EUR/USD (^EURUSD) this morning is down -0.64%. EUR/USD today erased an early rally and moved moderately lower. EUR/USD initially rallied today after the ECB announced it would speed up the tapering of its asset purchases. However, the euro gave up its gains and turned lower after the ECB cut its Eurozone 2002 GDP forecast and raised its 2022 inflation forecast. Also, EUR/USD fell back after talks between Ukraine and Russia failed to make progress in ending the war.
ECB President Lagarde said, "the war in Ukraine is a substantial upside risk to inflation, especially in energy prices."
The ECB today said it would end its Pandemic Purchase Program (PEPP) in March and unexpectedly said it will slow its asset purchase program (APP) to 30 billion euros a month in May and then to 20 billion euros in June and may end the APP program in Q3. The ECB also said that any changes in borrowing costs will take place “some time after” the end of net bond purchases and will be “gradual.”
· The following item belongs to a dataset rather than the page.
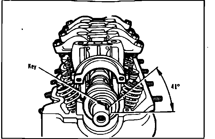 6. Position camshaft so that camshaft key is 41° from cylinder head rocker arm cover mounting surface, as viewed front front of engine, Fig. 18.

The ECB cut its Eurozone 2022 GDP estimate to 3.7% from 4.2% and raised its Eurozone 2022 inflation forecast to 5.1% from 3.2%.
Goldman Sachs predicts Eurozone Q2 GDP will contract due to the war in Ukraine, and it cut its Eurozone 2022 GDP estimate to 2.5% from a previous estimate of 3.9%.
USD/JPY (^USDJPY) this morning is up +0.27%. USD/JPY today rallied to a 1-month high and is moderately higher. The yen is under pressure today on divergent central bank policies. The Fed is expected to hike interest rates next week, and the ECB today announced a faster pace of QE tapering. Meanwhile, the BOJ is expected to maintain its QE program and keep interest rates at record lows. A surge in Japanese producer price pressures is also negative for the yen after Japan Feb PPI rose +9.3% y/y, stronger than expectations of +8.6% y/y and the fastest pace of increase in 41 years.
April gold (GCJ22) this morning is up +18.3 (+0.92%), and May silver (SIK22) is up +0.464 (+1.80%). Precious metals prices this morning are moderately higher. A slump in stocks today is boosting safe-haven demand for precious metals. Rising global price pressure also boosts demand for gold as an inflation hedge after U.S. Feb CPI rose at the fastest pace in 40 years, and Japan Feb PPI rose at the fastest pace in 41 years. Rising global bond yields today and a stronger dollar are limiting the upside in gold prices.